That gun is already heavy as hell out of the box...I would go with Daniel Defense Irons. I would go with an Aimpoint if I just had to hang something on it.
TS


----------



## SmithEC (Jul 31, 2009)

If that Burris is what you want, I don't know why it wouldn't work for you.

That particular scheme of placing a RDS on top of a magnified optic has simply never interested me. On the other hand, I do like a RDS placed a little higher than some folks.

You said out to 100 yards. I have two rifles and an SBR that I think of as "100-yard" firearms, even though the two rifles will actually do a lot better than that.

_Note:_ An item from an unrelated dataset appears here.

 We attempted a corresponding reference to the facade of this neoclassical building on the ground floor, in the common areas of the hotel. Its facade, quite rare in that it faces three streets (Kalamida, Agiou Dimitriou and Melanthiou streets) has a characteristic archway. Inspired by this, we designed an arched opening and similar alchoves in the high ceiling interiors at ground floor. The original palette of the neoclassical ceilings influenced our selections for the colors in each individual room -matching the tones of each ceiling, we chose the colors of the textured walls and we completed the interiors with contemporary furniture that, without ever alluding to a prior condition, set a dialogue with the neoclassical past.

For those three, I like a simple unmagnified RDS. An RM06 on an HK-53 knock-off, an RM06 on a SAM7R, and an Aimpoint T-1 on a 556R.

The only thing that OpticsPlanet is good for is user reviews. There are typically enough reviews so that you can throw away the non-sense and still get a good idea of what you're looking at. The way I read the reviews, I see no reason why you shouldn't get that if you want it. I know you said you're seeing it at Academy.

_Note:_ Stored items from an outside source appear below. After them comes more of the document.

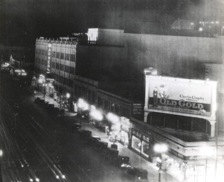 & Night view of illuminated Christmas trees on Hollywood Boulevard, Hollywood 1928, California Historical Society Collection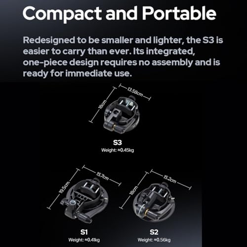 - [Compact and Portable] Redesigned to be smaller and lighter, the s3 is easier to carry than ever. lts integrated, one-piece design requires no assembly and is ready for immediate use.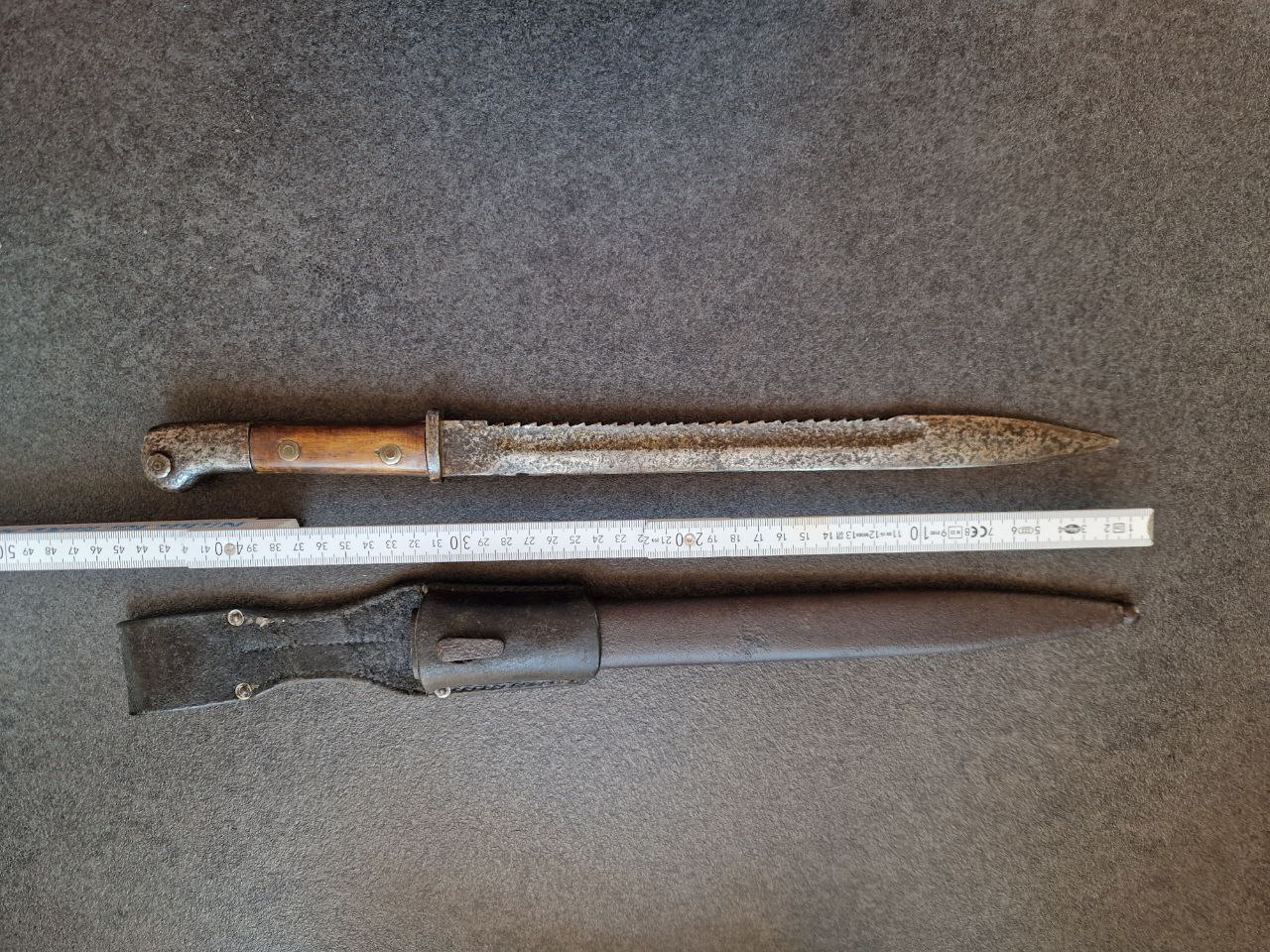 Zum Einen, es ist eine zugehörige S 14 Scheide. Zum Anderen würde ich die Abnutzung am Rand des Mundblecheinsatzes als Zeichen für eine Sägezahnklinge deuten.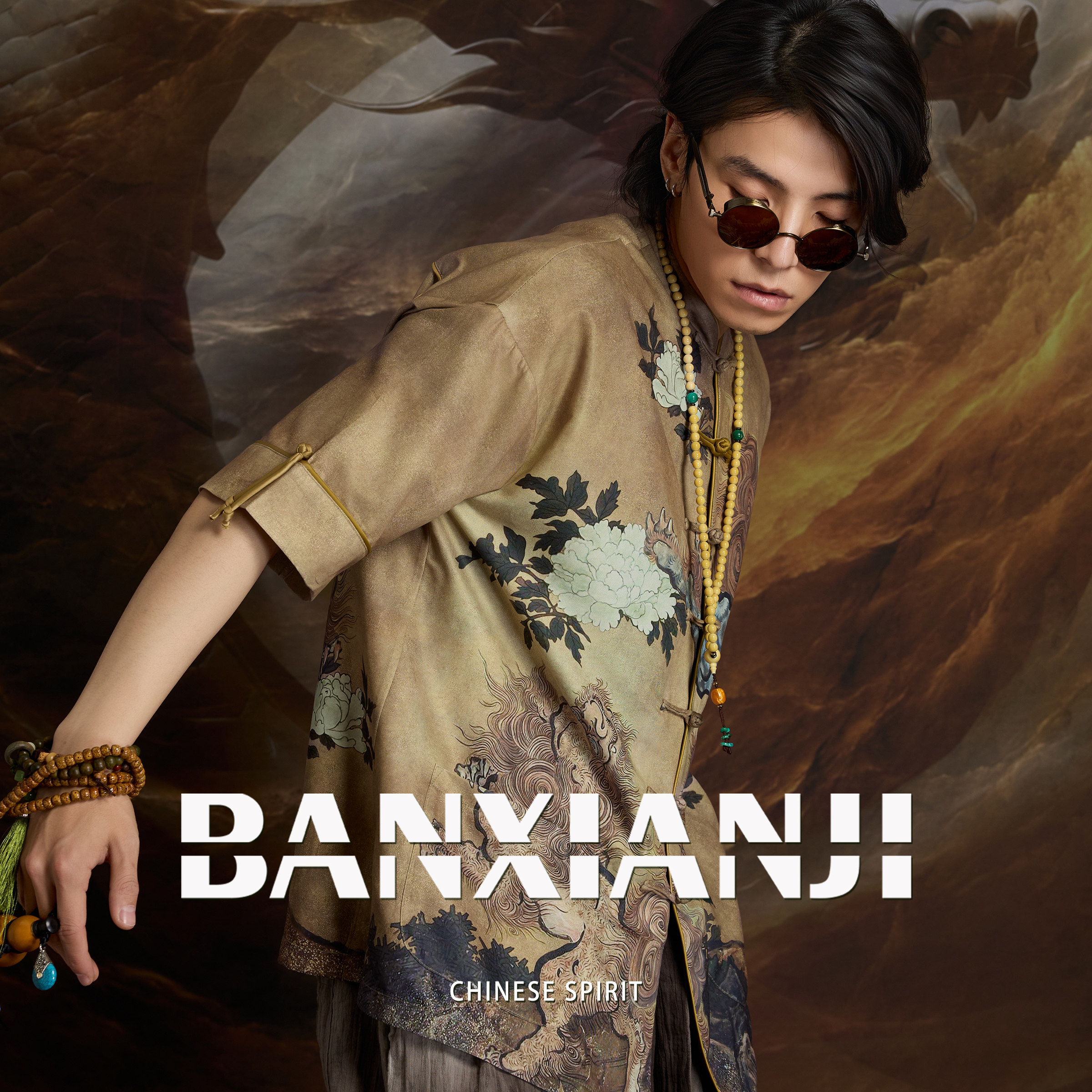 半闲集<金狮清狮> 印花短袖男士新中式唐装中国风国潮复古外套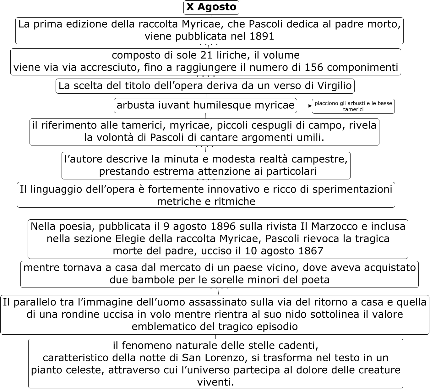 Questa Cmap, creata con IHMC CmapTools, contiene informazioni relative a: 141 pascoli, La prima edizione della raccolta Myricae, che Pascoli dedica al padre morto, viene pubblicata nel 1891 ???? composto di sole 21 liriche, il volume viene via via accresciuto, fino a raggiungere il numero di 156 componimenti, mentre tornava a casa dal mercato di un paese vicino, dove aveva acquistato due bambole per le sorelle minori del poeta ???? Il parallelo tra l’immagine dell’uomo assassinato sulla via del ritorno a casa e quella di una rondine uccisa in volo mentre rientra al suo nido sottolinea il valore emblematico del tragico episodio, composto di sole 21 liriche, il volume viene via via accresciuto, fino a raggiungere il numero di 156 componimenti ???? La scelta del titolo dell’opera deriva da un verso di Virgilio, il riferimento alle tamerici, myricae, piccoli cespugli di campo, rivela la volontà di Pascoli di cantare argomenti umili. ???? l’autore descrive la minuta e modesta realtà campestre, prestando estrema attenzione ai particolari, arbusta iuvant humilesque myricae ???? piacciono gli arbusti e le basse tamerici, La scelta del titolo dell’opera deriva da un verso di Virgilio ???? arbusta iuvant humilesque myricae, X Agosto ???? La prima edizione della raccolta Myricae, che Pascoli dedica al padre morto, viene pubblicata nel 1891, l’autore descrive la minuta e modesta realtà campestre, prestando estrema attenzione ai particolari ???? Il linguaggio dell’opera è fortemente innovativo e ricco di sperimentazioni metriche e ritmiche, arbusta iuvant humilesque myricae ???? il riferimento alle tamerici, myricae, piccoli cespugli di campo, rivela la volontà di Pascoli di cantare argomenti umili., Il parallelo tra l’immagine dell’uomo assassinato sulla via del ritorno a casa e quella di una rondine uccisa in volo mentre rientra al suo nido sottolinea il valore emblematico del tragico episodio ???? il fenomeno naturale delle stelle cadenti, caratteristico della notte di San Lorenzo, si trasforma nel testo in un pianto celeste, attraverso cui l’universo partecipa al dolore delle creature viventi., Nella poesia, pubblicata il 9 agosto 1896 sulla rivista Il Marzocco e inclusa nella sezione Elegie della raccolta Myricae, Pascoli rievoca la tragica morte del padre, ucciso il 10 agosto 1867 ???? mentre tornava a casa dal mercato di un paese vicino, dove aveva acquistato due bambole per le sorelle minori del poeta

One user observes that the FastFire doesn't have the audible and feelable clicks when adjusting the sight like my Trijicon does. That's no big deal.

Another user observes that the FastFire is redundant, seeing as how the 1-4x has an illuminated reticle. Whether or not what you're looking at has an illuminated reticle, I don't know. If it does, I can't imagine it's visible in bright daylight. I could be wrong.

This is a heavy rifle (milled AK) that doesn't need any more weight than is necessary sitting on top of it. Fired the first time today at only 42 yards with Golden Tiger ammo. The RM06 is 3.25 MOA with adjustable brightness. The adjustable ones can actually be turned off. You could probably make that battery last a few years.

That TWS top cover came from this Primary Arms that everyone goes on about. Ordered it last Thursday and got it Friday. Regular UPS. If I had selected USPS, it would have rolled right past Victoria down to Corpus, and then come back up to Victoria, delaying receipt for an additional day or two.










.


----------



## SmithEC (Jul 31, 2009)

That pic is not meant to be a show of some kind of precision shooting. I don't have an interest in that sort of thing.

There are actually folks on some forums who would probably tell me I could tighten that up if I would simply remove that cleaning rod from under the barrel. I don't care about any of that.

.


----------



## horned frog (Nov 9, 2008)

Not to change the topic of the thread, I will start another thread about OpticsPlanet reviews.


----------



## SmithEC (Jul 31, 2009)

I'll be watching for that.

My most favorite review of all time was at a different vendor's site. Some knucklehead gave a spotting scope a rating of 2 out of 5 because of the misleading photo attached to the product description.

He saw the pic and thought the tripod should be about 6 feet high. Everybody knows those things only sit about maybe a foot high.

Everybody except that guy.

.


----------



## mas360 (Nov 21, 2006)

I put a Vortex SPARC on my CQB AR. It works great out to 100 yards on an 8x11 piece of paper. I had an Eotec before and was not very thrilled with its physical size. Other than that it was a great sight.


----------



## CoastalAngler (Jan 27, 2013)

SmithEC said:


> If that Burris is what you want, I don't know why it wouldn't work for you.
> 
> That particular scheme of placing a RDS on top of a magnified optic has simply never interested me. On the other hand, I do like a RDS placed a little higher than some folks.
> 
> ...


Hey, what kind of rear sight/top rail is that on your AK?

I kind of like the look of that, and like the idea of a 'peep sight' as opposed to the junk stock AK sights.

Thanks.


----------



## SmithEC (Jul 31, 2009)

It's a Texas Weapons System Dog Leg scope rail (tws32310) with the optional peep sight (tws42315).

I have this one installed with the rear sight leaf spring in place. Plenty of folks will leave that out for ease of installation. I leave it in there so everything locks up real tight.

With that RMR out of the way, that rear sight does work very nicely.

.


----------